Regardless, as I spoke with my mentor the other day, I had a moment where I understood a fundamental part of my issue was simply that I truly didn’t want some of the same things anymore.  All of that effort and all the stuff I did, I didn’t have the same feelings about it as I used to.  I didn’t have the same desire for it that I used to, it didn’t seem as important.  I’ve spent so much time fighting to keep things in my life a certain way, partially because of wanting to control, but mainly because that was what I knew.  If I kept it the same, if I kept telling myself that’s what I wanted, I felt I knew myself and had a sense of security.  The life I’m living is exactly what I want, right?  My life started to feel claustrophobic and overwhelming.  Suddenly I had all of these things around me and none of it felt right—it felt overwhelming and scary and like I couldn’t get a clear vision on myself.  That’s when I realized that it wasn’t a matter of continually doing anything—it was a matter of doing the right things, the things that moved my life forward in a way I wanted.  The person I was becoming was no longer interested in the things I had worked so hard for. 

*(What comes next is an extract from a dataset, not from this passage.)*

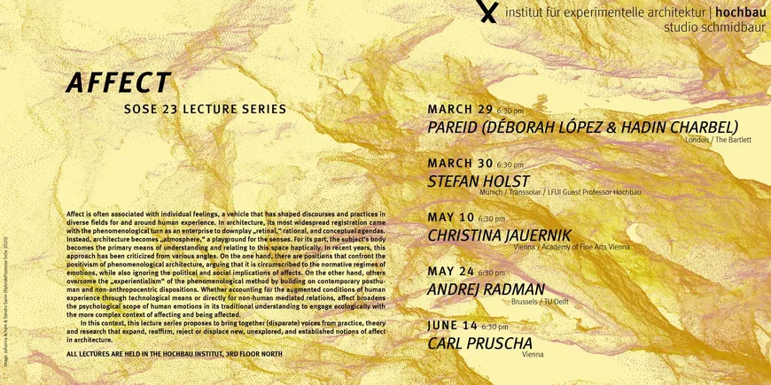 In this context, this lecture series proposes to bring together (disparate) voices from practice, theory and research that expand, reaffirm, reject or displace new, unexplored, and established notions of affect in architecture.

I’m still working to find the peace in there because I attached my identity HARD to the things around me.  My memories were firmly locked in there and having those things around me told the story I knew.  I’ve reconciled part of this because I understand that I’ve been talking about conscious evolution for so long that I’ve discounted my own.  I am no longer who I was at 20 and instead of wasting years lamenting over what I’ve lost, I can simply look at the success around me and make decisions about what still serves and what doesn’t.  Keep what works, gratefully release the rest.  When we hold ourselves to the standards and interests we used to have, we are trying to be the person we used to be.  We have to let that version go at some point.  It’s very rare that someone finds who they are at 20 and knows their purpose, not that it can’t happen.  But what is more likely is that we start to feel differently and feel the need to expand and that requires different experiences.  And that need for change is ok.  The more we resist and try to cling to what we knew, the longer we delay the magic of the life we are meant to have.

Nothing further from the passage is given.